The problem stemmed back to an LSB investigation in 2013 over inappropriate Bar Council influence on changes made by the BSB to the cab-rank rule, which were to facilitate the new contractual terms between barristers and solicitors.
This was only resolved in November 2013 when the Bar Council gave four undertakings to address the LSB’s concerns.
One of them was that by 31 July 2014, the BSB would review whether it was appropriate for standard terms and the related cab-rank rule – that the rule does not apply other than where a barrister is instructed under the terms, or under their own terms – to remain as regulatory arrangements.
It missed this deadline but eventually carried out the review, deciding to retain the existing cab-rank rule, together with the standard contractual terms, but replace its ‘list of defaulting solicitors’ with a new rule allowing barristers to refuse work under the cab-rank rule where there is an “unacceptable risk” that they will not get paid.
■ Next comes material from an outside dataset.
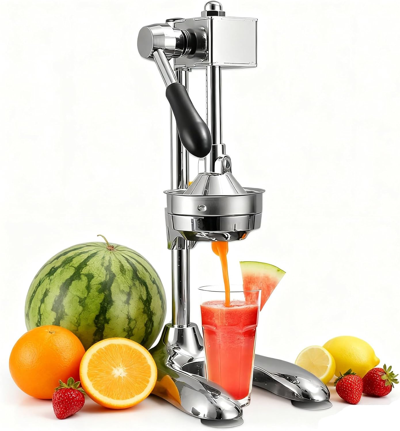 【Specifications】-Product Name: Manual Juicer-Color: White/Silver/Black/Orange-Material: 304 Stainless Steel + Aluminum Alloy-Jiusting Net Diameter: 120 mm-Base Thickness: 40 mm-Dimensions: 18 x 23 x 45 cm / 7 x 9 x 17.7 inches-Product weight: 3.2kg【Packaging Contents】1 x Juicer1 x Flat Juicing Mold1 x Pointed Juicing Grinder【Features】-Manual Juicing: Simply press and juice in 3 seconds, preserving the fruit's original flavor and nutrients. This increases efficiency by 60%. No electricity required, protecting the environment and saving energy.-High-quality Materials: Made of 304 stainless steel and aluminum alloy, it's durable and corrosion-resistant. Removable parts make cleaning easy and hygienic.-Sturdy Construction: The thickened base and U-shaped design ensure stability and prevent shaking during use, making it safer.-Suitable for a variety of fruits: Two molds are available for different types of fruits, such as lemons, oranges, grapefruits, and tangerines, making it a great choice for home and kitchen use.【Note】1. Due to environmental factors and photography, the actual product may differ in color.2. Due to manual measurement, there may be a 1-2 cm discrepancy. We appreciate your understanding.If you have any questions, please email us and we will respond within 24 hours.

The LSB approved this last month.
In a letter this week to his BSB counterpart, Sir Andrew Burns, LSB chairman Sir Michael Pitt said at a meeting earlier this month, “my board acknowledged the work completed by the BSB in the course of its review and reminded itself that the review was not about the existence of the cab-rank rule in itself, but about whether the standard contractual terms and the list of defaulting solicitors should remain part of the BSB’s regulatory arrangements”.
He wrote: “Although it registered some concerns in the BSB’s approach, my board concluded that the terms of the fourth undertaking could be considered to be discharged and no further, formal enforcement action with respect to the 2013 investigation would be appropriate.”
However, looking beyond the specifics of the undertaking, the LSB “identified some issues of concern”, he went on. These included that in its review the BSB, having concluded on the necessity of a single set of terms in regulatory arrangements, did not consider any sources other than the Bar Council’s standard contractual terms.
The LSB was also worried that the “BSB could arrive at different conclusions on the two issues under review with regard to the impact on the regulatory objective of promoting and protecting the public interest in relation to the use of a product of the representative body in the independent regulator’s arrangements. These different conclusions appeared to us to be somewhat in tension”.
As a result, Sir Michael concluded, “these issues have directed our attention towards the BSB’s approach to regulation more broadly and where the BSB is in its journey towards becoming a modern independent regulator with the requisite capacity and capability.
“Such broader issues are being considered as part of our current regulatory standards review of the BSB.”